▶ WHAT THE TASK ASKS
Please transcribe exactly the lines from the line holding "初回の活動は練習としてイラス" through the end of the data below, and skip any pictures.

▶ GIVEN DATA
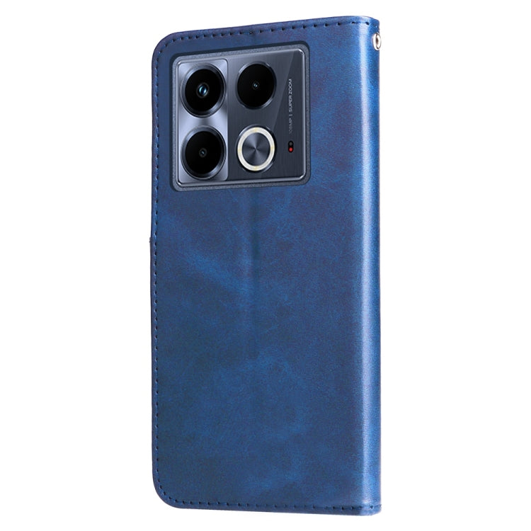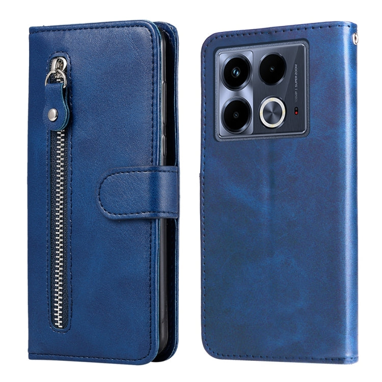 Funda de Piel con Textura de Becerro y Cremallera para Infinix Note 40 4G (Azul)
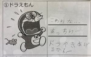 初回の活動は練習としてイラストを見てもらい、そのイラストに合うセリフを考えてもらいました!😊
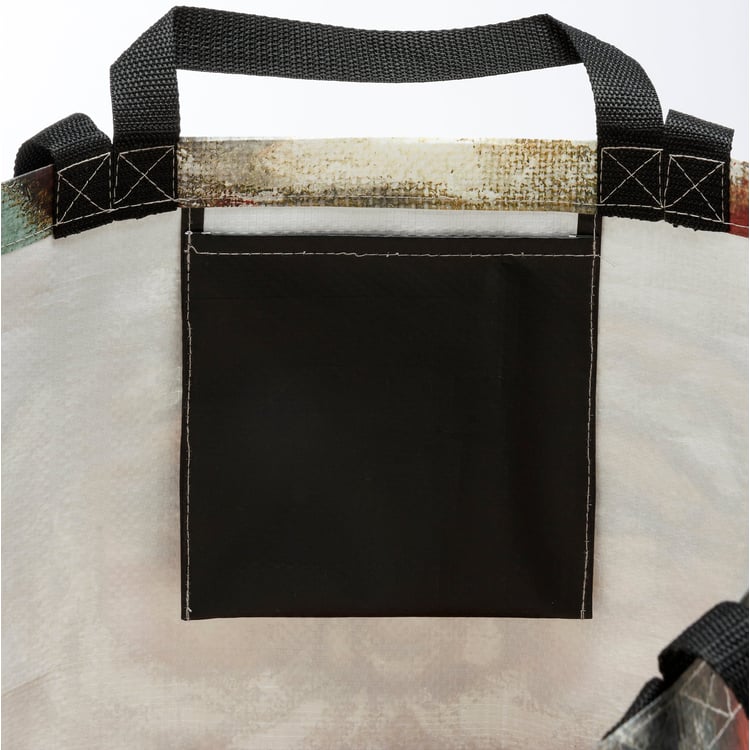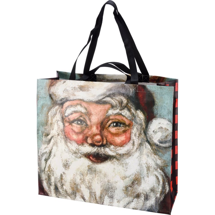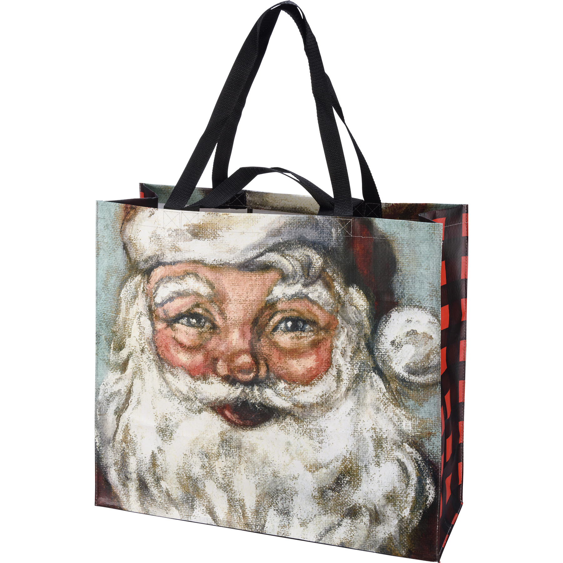 Made of post-consumer material, this double-sided shopping tote features a Santa face design. Gusset features coordinating red and black buffalo check designs. Designs are replicated from original artwork painted onto burlap canvas, giving the art a unique depth and texture. Includes dual nylon straps.
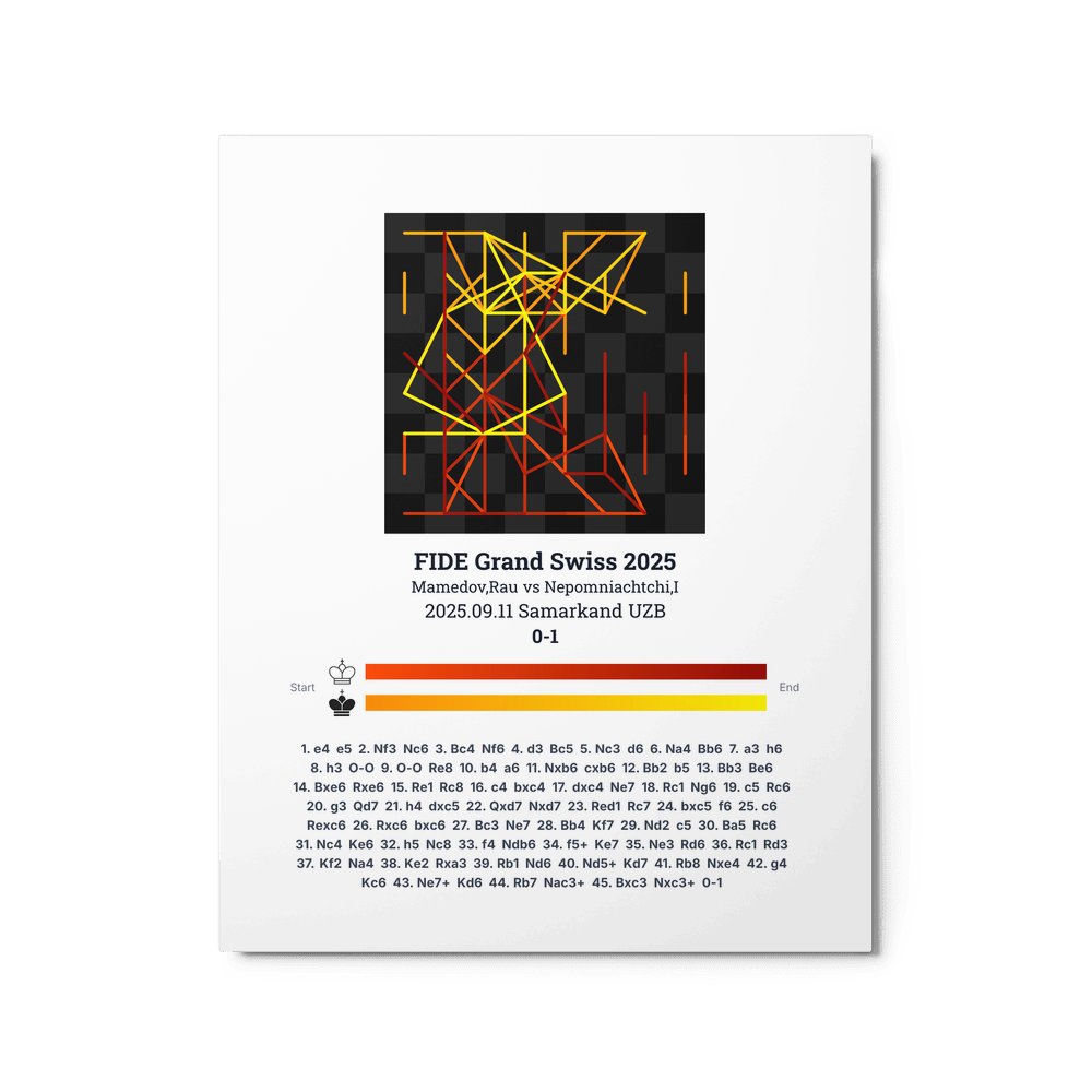 Museum-quality poster on thick, durable matte paper. A sharp, clean look for any chess visualisation.

▶ RESPONSE TO THIS TASK
 初回の活動は練習としてイラストを見てもらい、そのイラストに合うセリフを考えてもらいました!😊
 Made of post-consumer material, this double-sided shopping tote features a Santa face design. Gusset features coordinating red and black buffalo check designs. Designs are replicated from original artwork painted onto burlap canvas, giving the art a unique depth and texture. Includes dual nylon straps.
 Museum-quality poster on thick, durable matte paper. A sharp, clean look for any chess visualisation.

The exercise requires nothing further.